I) Un objectif de réajustement de la trajectoire des finances publiques

La taxe sur les dividendes, impliquant un prélèvement de 3% sur les entreprises, a été invalidée le 6 octobre 2017 par le Conseil constitutionnel. Les coûts liés à l’invalidation de cette taxe ont fait l’objet d’une première estimation par Bercy, de l’ordre de neuf milliards d’euros. La nouvelle estimation effectuée fait état d’un montant plus important, dix milliards d’euros constituant le risque maximal encouru par la censure de la taxe sur les dividendes.

Afin de compenser ce manque à gagner, l’État doit donc rembourser cette somme de dix milliards d’euros aux entreprises françaises, ce montant comprenant les intérêts.
Il importe néanmoins de répartir le solde de la facture entre l’État et les opérateurs économiques pour amortir le choc budgétaire afférent.
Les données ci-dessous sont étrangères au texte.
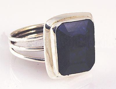SAPPHIRE CORRUNDUM 24.56CTW BEZEL SILVER RING **|**|** STERLING SILVER EMERALD SHAPE RING WITH 13X10MM APPROX SAPPHIRE CORRUNDUM GEMSTONE ; MSRP: $100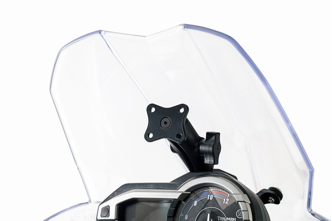 Otočné rameno zásuvky umožňuje optimální polohování zařízení GPS. Držák GPS s univerzálním vrtacím otvorem umožňuje bezpečné připojení mnoha současných modelů zařízení GPS, jako jsou pouzdra zařízení Navi Case Pro a tvrdé skříně pro smartphony od SW-MOTECH.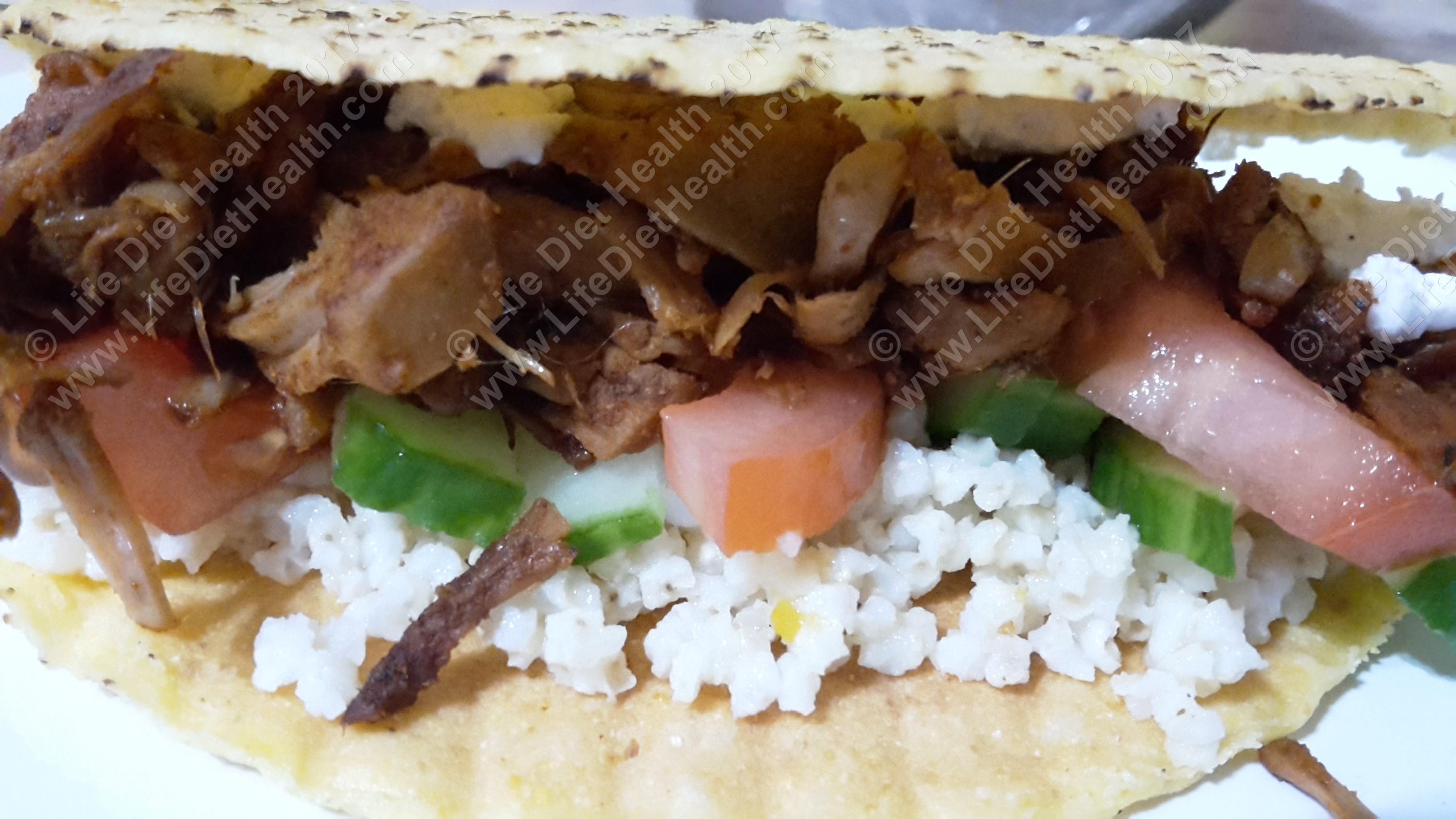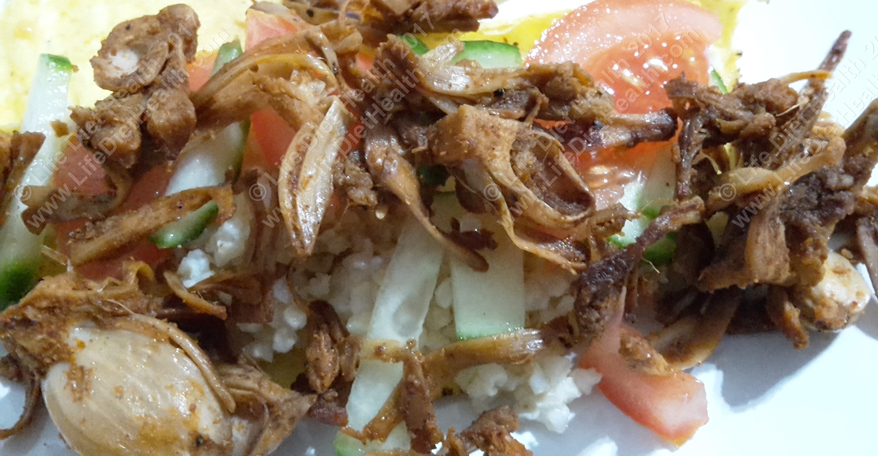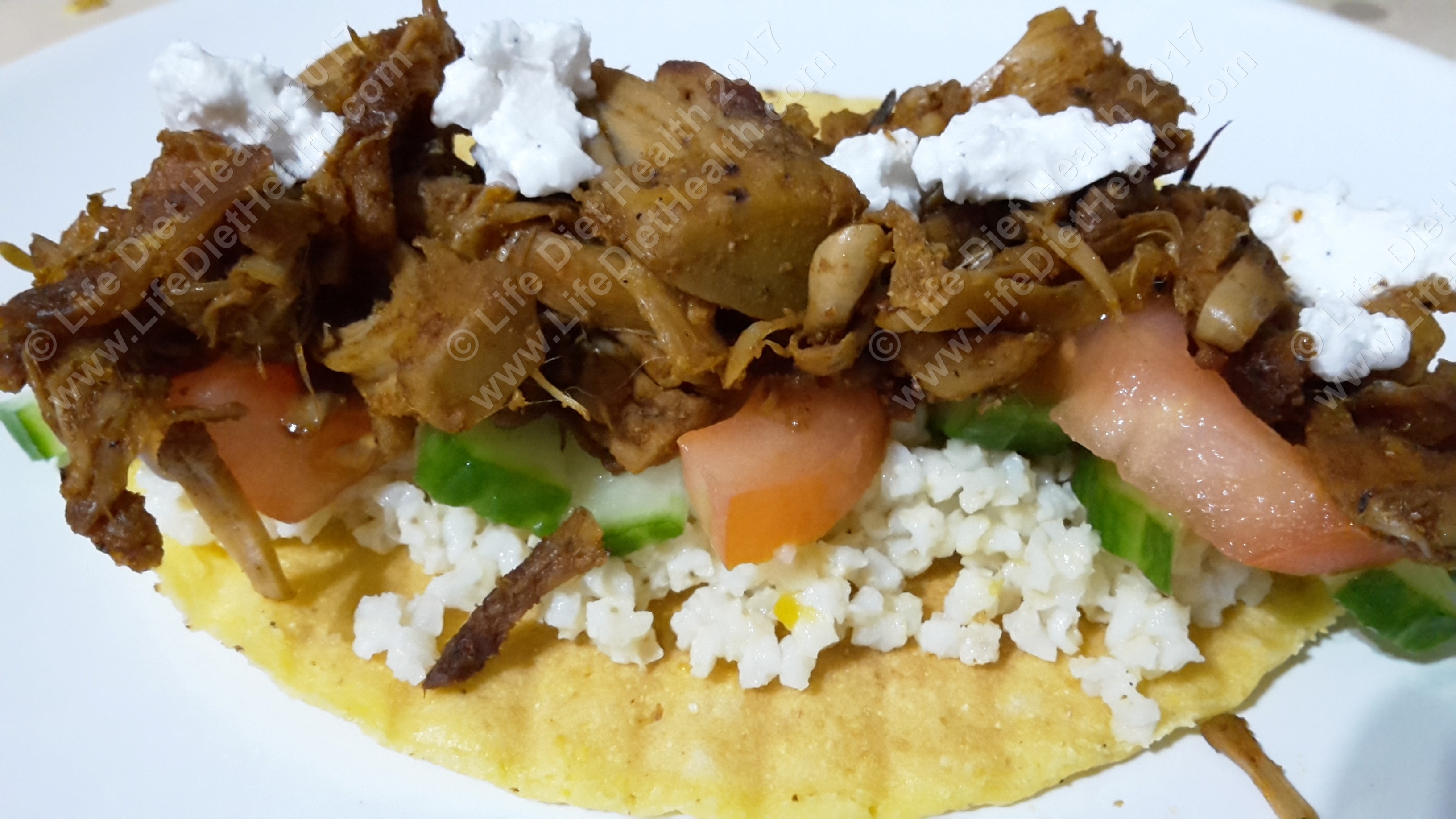 It was served over nachos and it was relatively nice – but a bit weird to be eating a fruit as a main meal! That said it intrigued me so I went hunting for it. My local Asian store sold them fresh for £25 (UK) each! WHAT!!! I could buy a whole weeks worth of vegetables for the whole family for that! Hmmm! Then a few months later I found it (much cheaper)in a tin, in water 😀 So I bought a tin and thought I’d try and make my own version of the dish I’d tried (with my own flavours 😛 ) And… a year and a bit later when there was nothing substantial to eat without effort and/or shopping, I discovered that same jackfruit tin at the back of the fridge! 😛 I MOST certainly won’t be leaving a tin untouched for that long again! Jackfruit is going to become a regular in the Life Diet Health kitchen 😀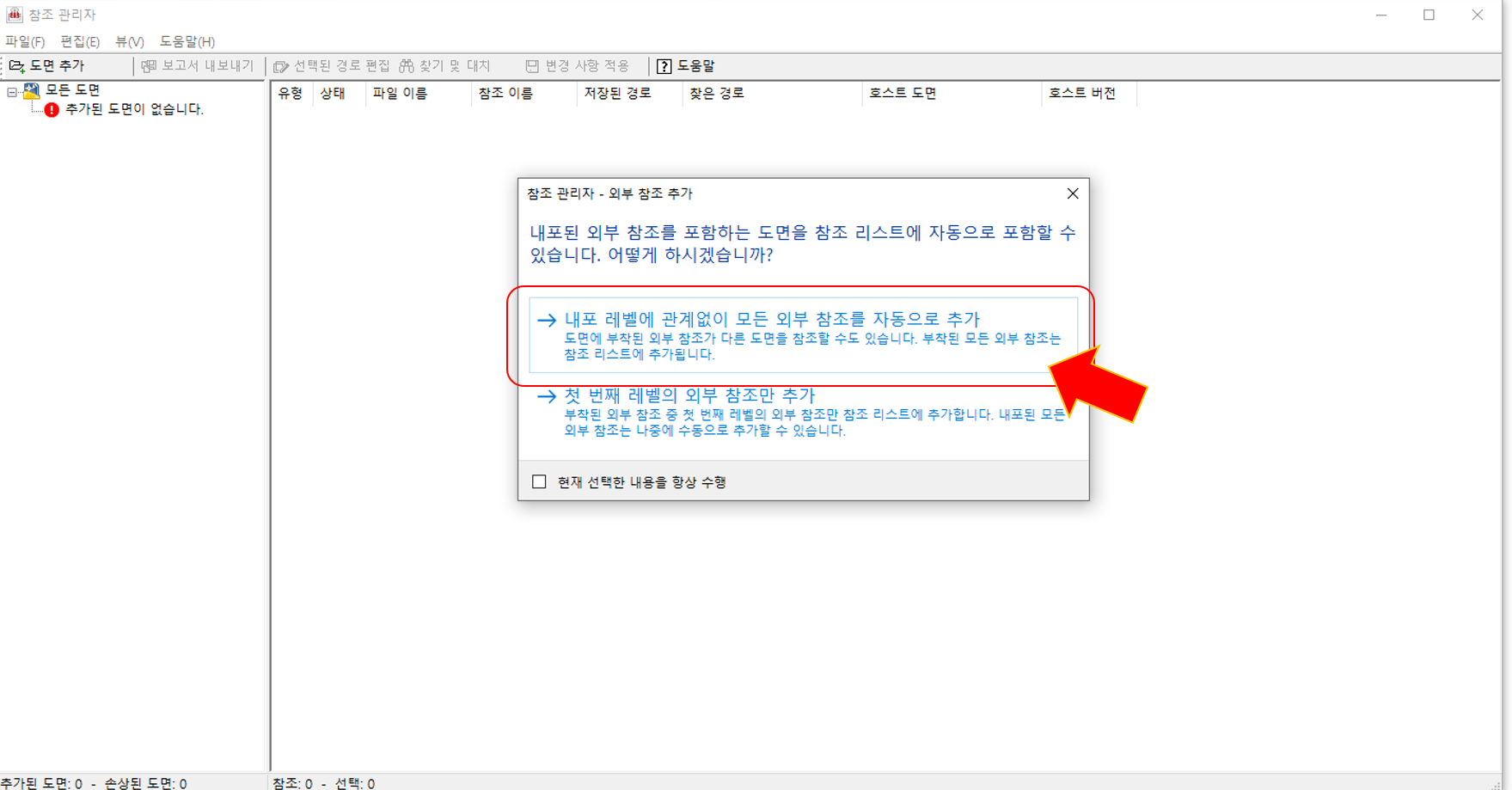 그럴 땐 참조관리자에 들어가서 세팅을 해주면 된다!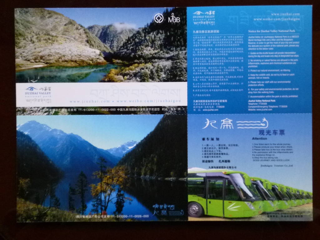 九寨溝内はものすごく広いので循環バスを利用しないと回れませんね。何処で乗っても降りても、90元で乗り放題なので良いのですが、小雨にもかかわらず満員、中国独特の匂いもチラホラ。高額な入園料なので循環バスは無料にしてほしいです。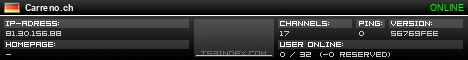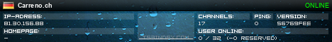 TS3index.com stellt Ihnen eine große Auswahl von verschiedenen Serverbannern bereit. Der Serverbanner zeigt den Status des TeamSpeak 3 Servers als Grafik im PNG-Format an. Kopieren Sie den Code in Ihre Website, Forum oder Blog.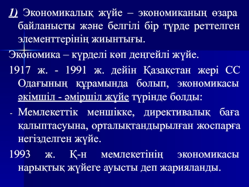 Слайд 51) Экономикалық жүйе – экономиканың өзара байланысты және белгілі бір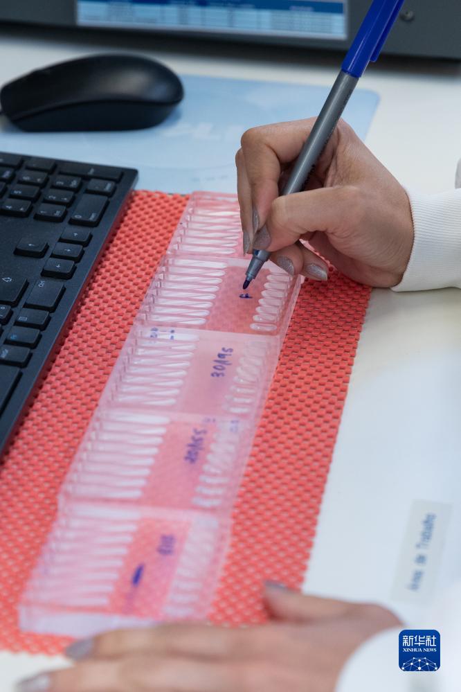 10月11日,科研人員在位於巴西聖保羅州克拉維紐斯的隆平巴西分子生物實驗室內為育種進行編號。
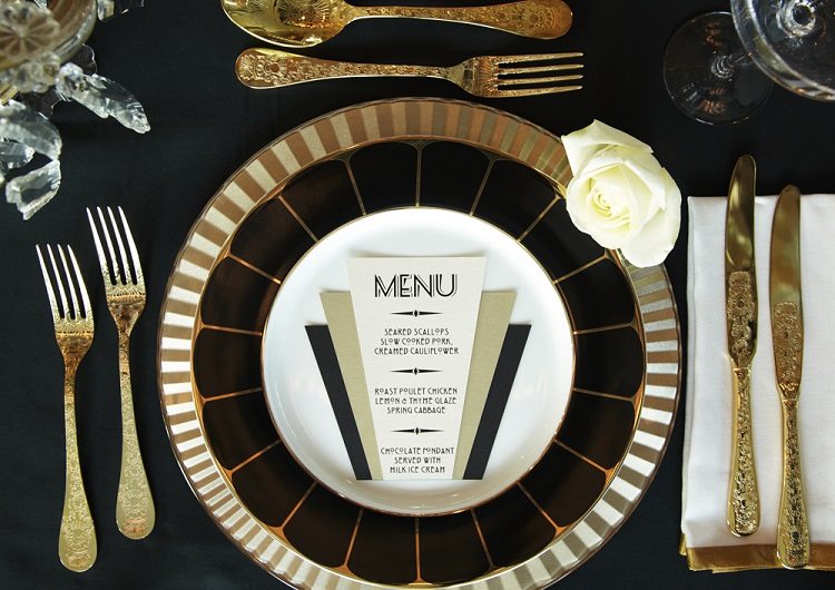 Use vintage fonts, geometric patterns, various Art Deco patterns and gold stamping for the wedding invitations, table numbers, place cards and menu.

C’est dans cette logique d’amortissement du choc fiscal que l’Assemblée nationale a voté la surtaxe sur les grandes entreprises. L’impératif d’urgence du remboursement de la taxe sur les dividendes a conduit le gouvernement et le Parlement à insérer les modalités dudit remboursement dans le projet de loi de finances rectificative pour 2017 ; il s’agit d’un projet spécifique indépendant du collectif budgétaire annuel.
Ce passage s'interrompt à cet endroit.